[ABOUT THIS EXERCISE]: From the first line of the listing below to the line containing "Czarne zamszowe baleriny", write out everything exactly. No pictures.

[RECORDED DATA]:
▽
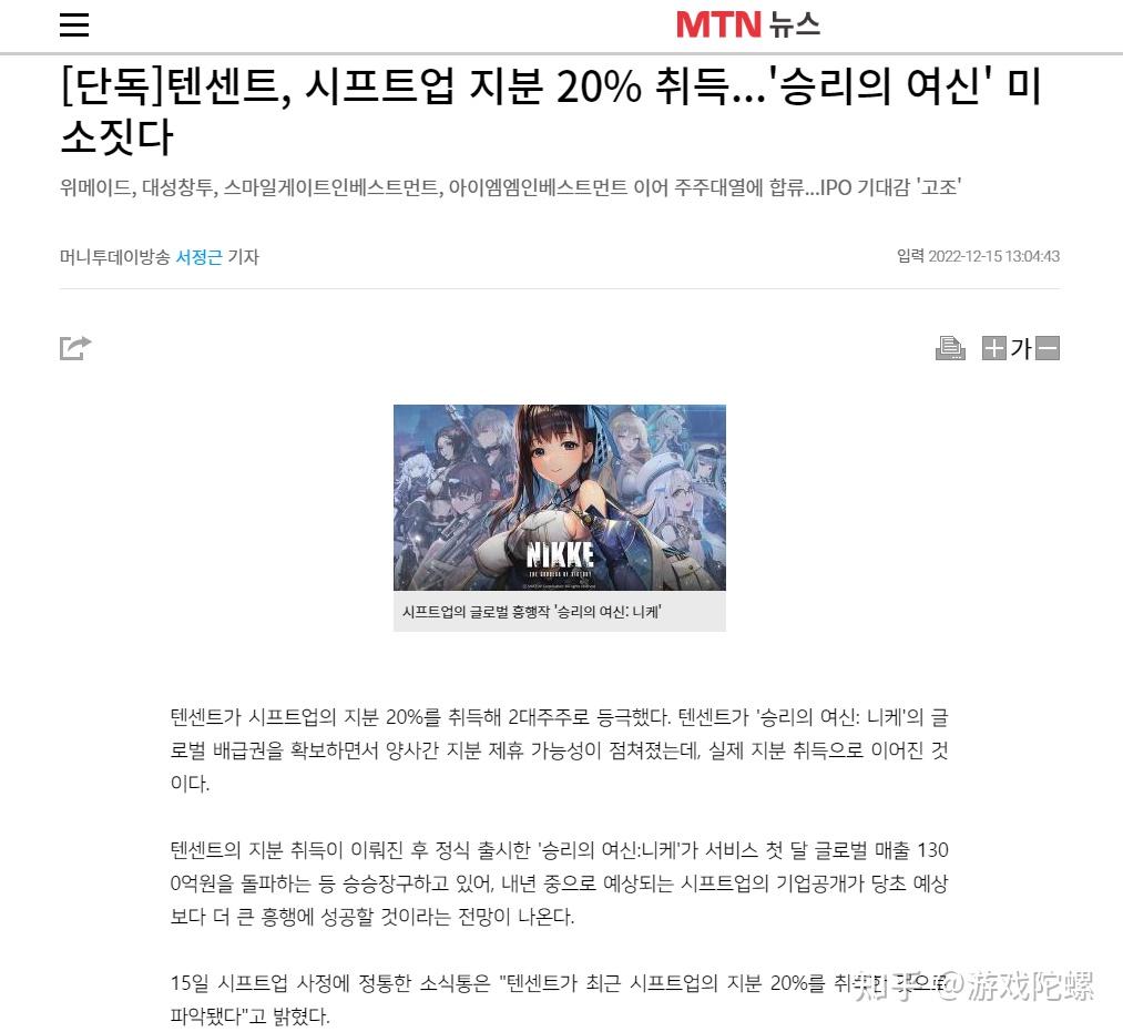 近日,据韩媒报道,腾讯投资《胜利女神:NIKKE》游戏研发商Shift Up,并获得了20%股权。投资完成,腾讯将成为仅次于Shift Up创始人金亨泰的第二大股东。目前,腾讯方面并未透露这起投资相关金额。
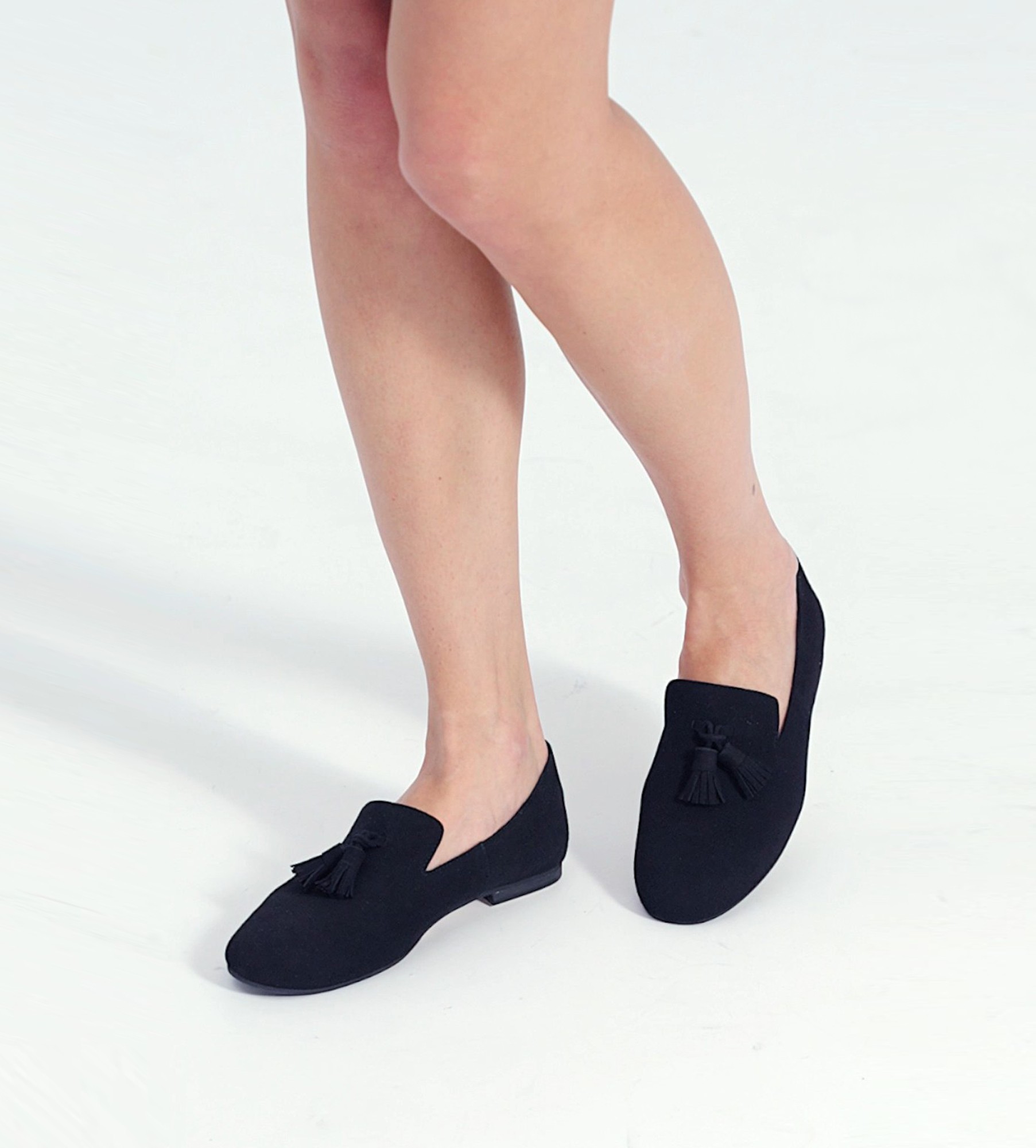Czarne zamszowe baleriny z chwostami świetnie sprawdzą się w stylizacji z beżowymi cygaretkami i białą koszulą oversize. Na chłodniejsze dni idealnym wyborem będzie lekki trencz w odcieniu piaskowym. Dopełnieniem zestawu będzie skórzana torebka w kolorze camel oraz delikatna złota biżuteria, nadająca stylizacji wyrafinowania.
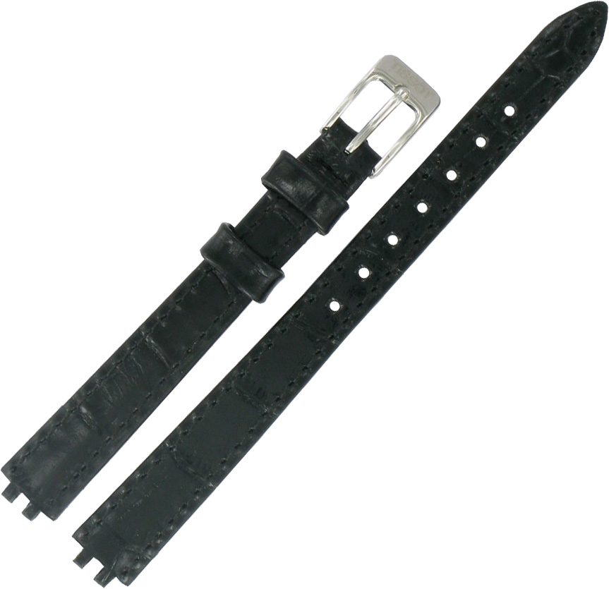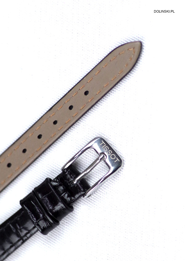 Originální řemínek k hodinkám Tissot Lovely. Vyrobeno z přírodní kůže, Tissot T600030316 v černé barvě s elegantním a klasickým vzhledem. Prošitý nití v barvě řemínku s texturou aligátora, pasuje pouze na hodinky Tissot Lovely s číslem na zadní straně pouzdra: T058009. Přezka je vyrobena z nerezové oceli a má čirý nápis Tissot.
△
[YOUR RESPONSE]:
 近日,据韩媒报道,腾讯投资《胜利女神:NIKKE》游戏研发商Shift Up,并获得了20%股权。投资完成,腾讯将成为仅次于Shift Up创始人金亨泰的第二大股东。目前,腾讯方面并未透露这起投资相关金额。
Czarne zamszowe baleriny z chwostami świetnie sprawdzą się w stylizacji z beżowymi cygaretkami i białą koszulą oversize. Na chłodniejsze dni idealnym wyborem będzie lekki trencz w odcieniu piaskowym. Dopełnieniem zestawu będzie skórzana torebka w kolorze camel oraz delikatna złota biżuteria, nadająca stylizacji wyrafinowania.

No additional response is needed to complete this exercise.